TASK REQUIREMENTS:
Beneath this instruction is a listing; print exactly the lines in it starting at the line that contains "President Reagan acknowledging" and going through the line that contains "Mr. Volcker's testimony".

STUDY MATERIAL:

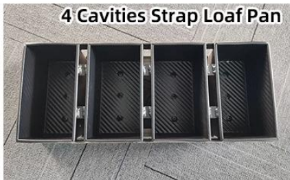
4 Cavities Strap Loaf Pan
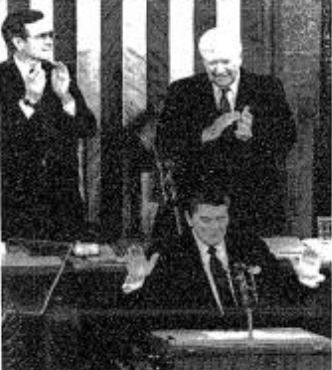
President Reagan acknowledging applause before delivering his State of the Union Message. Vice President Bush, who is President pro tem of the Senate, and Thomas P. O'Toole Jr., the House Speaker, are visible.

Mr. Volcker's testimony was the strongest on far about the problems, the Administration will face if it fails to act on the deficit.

...

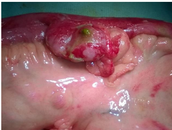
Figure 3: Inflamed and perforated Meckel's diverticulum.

OUTPUT FOR THIS EXERCISE:
President Reagan acknowledging applause before delivering his State of the Union Message. Vice President Bush, who is President pro tem of the Senate, and Thomas P. O'Toole Jr., the House Speaker, are visible.

Mr. Volcker's testimony was the strongest on far about the problems, the Administration will face if it fails to act on the deficit.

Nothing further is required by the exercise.